Show that the points A(-1,2), B(5,2) & C(2,5) are the vertices of an isosceles triangle. Find the area of triangle ABC.

Expert Answers
kjcdb8er eNotes educator| Certified Educator

By definition, an isosceles triangle is one that has two congruent (equal) angles. To prove two angles equal on the triangle ABC, let us consider the definition of tangent:

tanx = opposite/adjacent = h/a

Noting that the y values for points A and B are equal, the height is the distance from point C to the line y = 2:

h = 5 - 2 = 3

The distance AB = 5 - -1 = 6

Let D be the point through C perpendicular to AB; i.e. the line x = 2.
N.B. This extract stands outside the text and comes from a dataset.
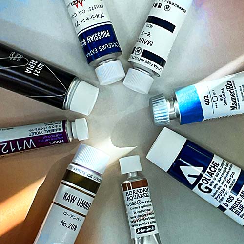 チューブから出した絵具のトーンを少し落ち着かせるために茶・紺・紫などの絵具がよく使われます。バーント・アンバーやプルシャン・ブルー、ミネラル・バイオレットなどが代表的です。絵具をそろえる際は、鮮やかな色だけでなく、渋い色も用意しましょう。
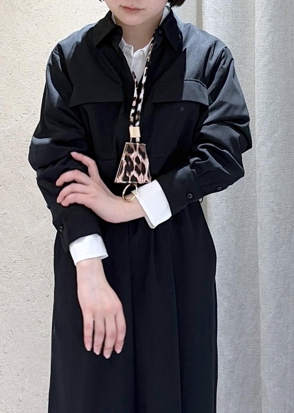 インナーにはリネンのシャツを使い、少しアクセントが欲しかったのでレオパード柄のキーケースを合わせました。

AD = 2 - -1 = 3   ; DB = 5 - 2 = 3

(note that a triangle with perpendicular bisector is isosceles. But proof by definition follows)

The tangent of angle CAB = h/AD = 3/3 = 1

The tangent of angle CBA = h/DB = 3/3 = 1

Therefore the angles are congruent, and the triangle is isosceles.

 

The definition of the Area of a triangle is half base times height. We know both from above:

h = 3, AB = 6

0.5*h*AB = 9

hala718 eNotes educator| Certified Educator

Let us calulate the length of the triangle sides:

AB = sqrt[(2-2)^2 + (5+1)^2]= sqrt(36) = 6

BC = sqrt[(5-2)^2 + (2-5)^2]= sqrt18 = 3sqrt2

AC = sqrt[(5-2)^2 + (2+1)^2 = sqrt18 = 3sqrt2

We notice that BC = AC = 3sqrt2

Then ABC is an isoscale triangle.

Now The area:

We know that the area a= (1/2)base * height

height is CD where D in the midpoint of AB

==> CD^2 = BC^2 - (AB/2)^2

==> CD = sqrt(18 - 9) = sqrt9 = 3

  ==> a = (1/2)AB * CD

             = (1/2)*6 * 3

              = 3*3

==> area (a) = 9

neela | Student

A )(-1,2), B(5,2) and C(2,5)

Therfore AB^2 = (5- -1)^2+(2-2)^2 = (5+2)^2 = 49. Or AB = sqrt(49) = 7.

BC^2 = = (2-5)^2+(5-2)^2 = 9+9=18. BC = sqrt(18) = 3sqrt2.

AC^2 = (2- -1)^2+(5-2)^2= 9+9= 18. AC = sqrt18 = 3sqrt2.

Therefore BC =AC  = 3sqrt2. Triangle ABC is an isosceles .

Therefore square on altitude from AB to C = AD^2 =   AC^2 - { (1/2) AB}^2 =  18 - 49/4 = 18- 12.25 = 5.75.

Therefore the area of the triangle = (1/2) *BC*AD = (1/2)*7* sqrt5.75 = 8.39271 nearly.